(Records contained in a dataset)
—————

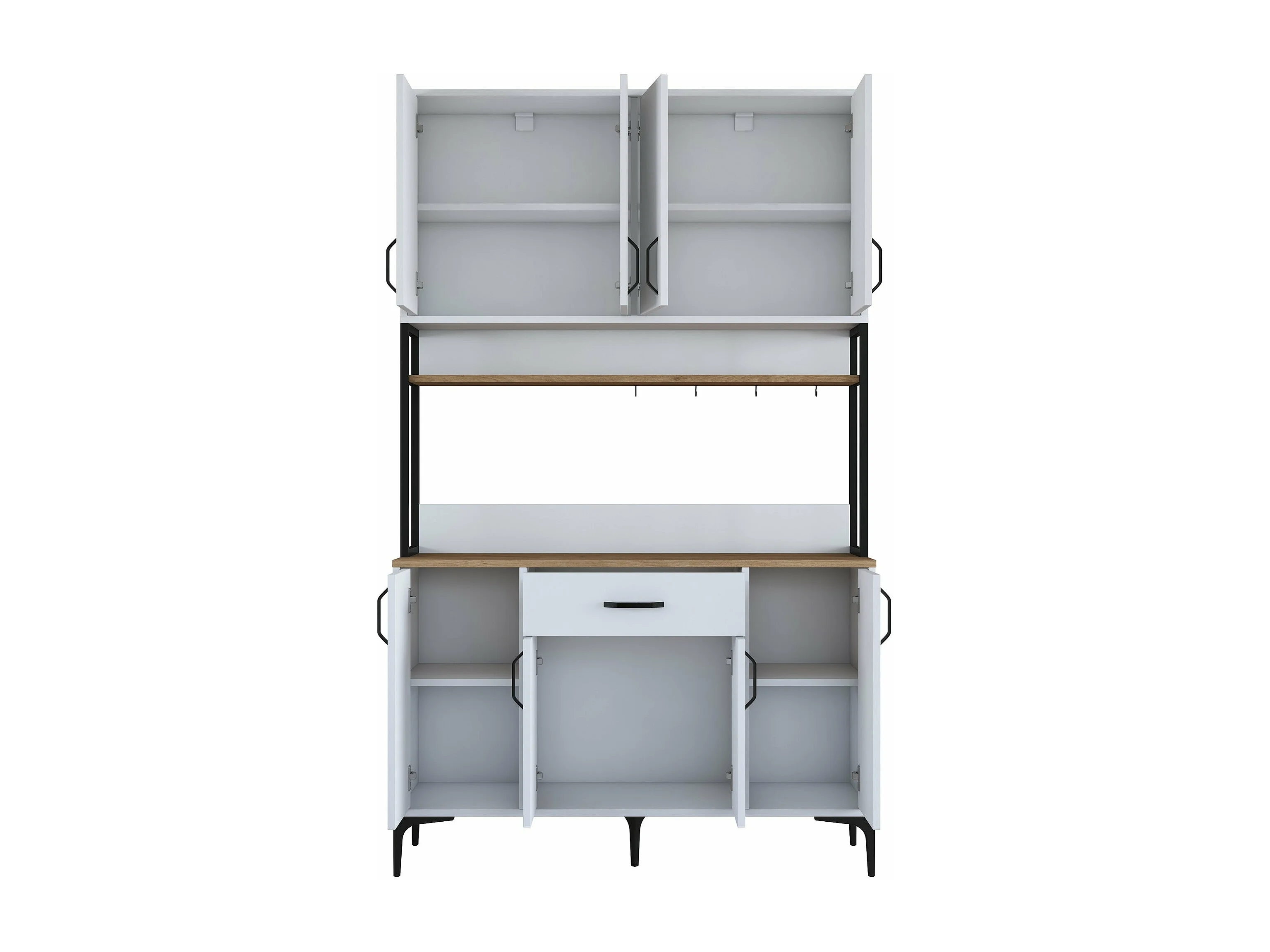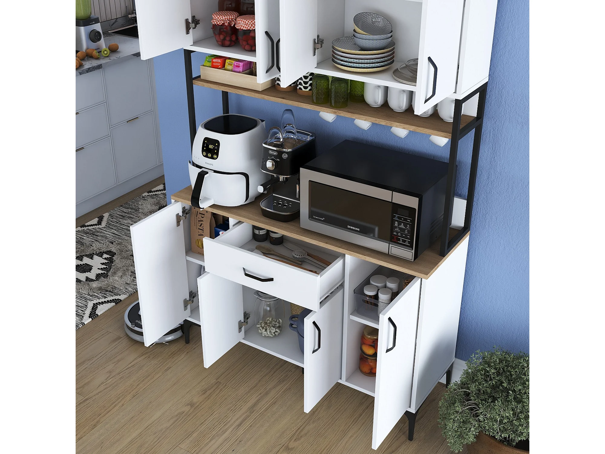 Armário Alto de Cozinha Stella - Design Moderno em Nogueira e Branco - 120 x 198,6 x 40 cm
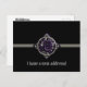 Beautiful purple flowers in a grey Gothic frame is placed on a grey band against a black background on this beautiful change of address postcard.. Very beautiful and elegant.
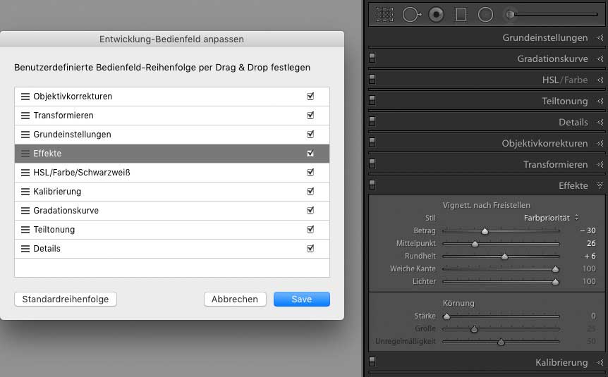 Lightroom 8.1: Eigene Bedienfeldsortierung
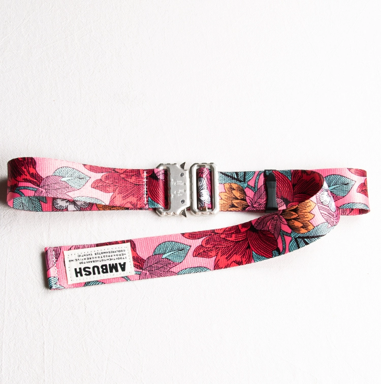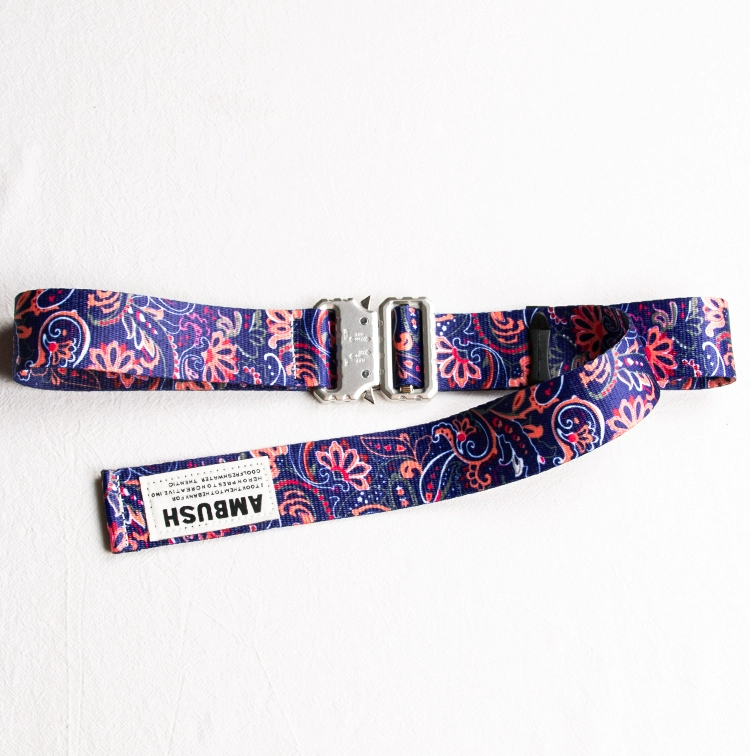 Silver cobra buckle canvas belt, trendy printed work pants, buckle ins cashew flower belt, young man
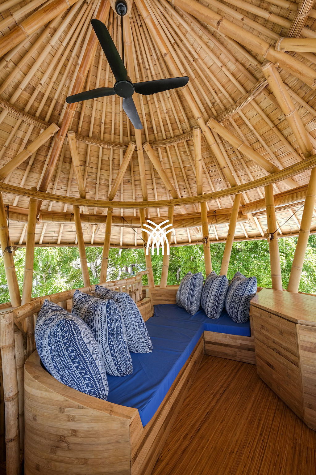 Inspired by Ahura Mazda, the ancient symbol of light and wisdom, the villa was conceived as a space of calm energy and balance, where every detail encourages a sense of peace and renewal. Surrounded by lush tropical gardens shaded by tall teak trees, the estate invites guests to slow down and reconnect with nature while enjoying modern comforts and personalized service. Two private swimming pools shimmer at the heart of the property, complemented by an expansive lawn, a children’s playground, and a striking twenty-meter bamboo watchtower that reveals sweeping panoramic views of the surrounding landscape. With dedicated butler service, full-time staff, and thoughtful amenities such as complimentary daily breakfast, tea, and coffee, every moment at Ahura is curated for effortless luxury.

—————

Work item:
Set down exactly the lines running from the beginning of the entries above to the line that contains "Silver cobra buckle", including both, and leave out pictures.

Expected answer:
 Armário Alto de Cozinha Stella - Design Moderno em Nogueira e Branco - 120 x 198,6 x 40 cm
 Beautiful purple flowers in a grey Gothic frame is placed on a grey band against a black background on this beautiful change of address postcard.. Very beautiful and elegant.
 Lightroom 8.1: Eigene Bedienfeldsortierung
 Silver cobra buckle canvas belt, trendy printed work pants, buckle ins cashew flower belt, young man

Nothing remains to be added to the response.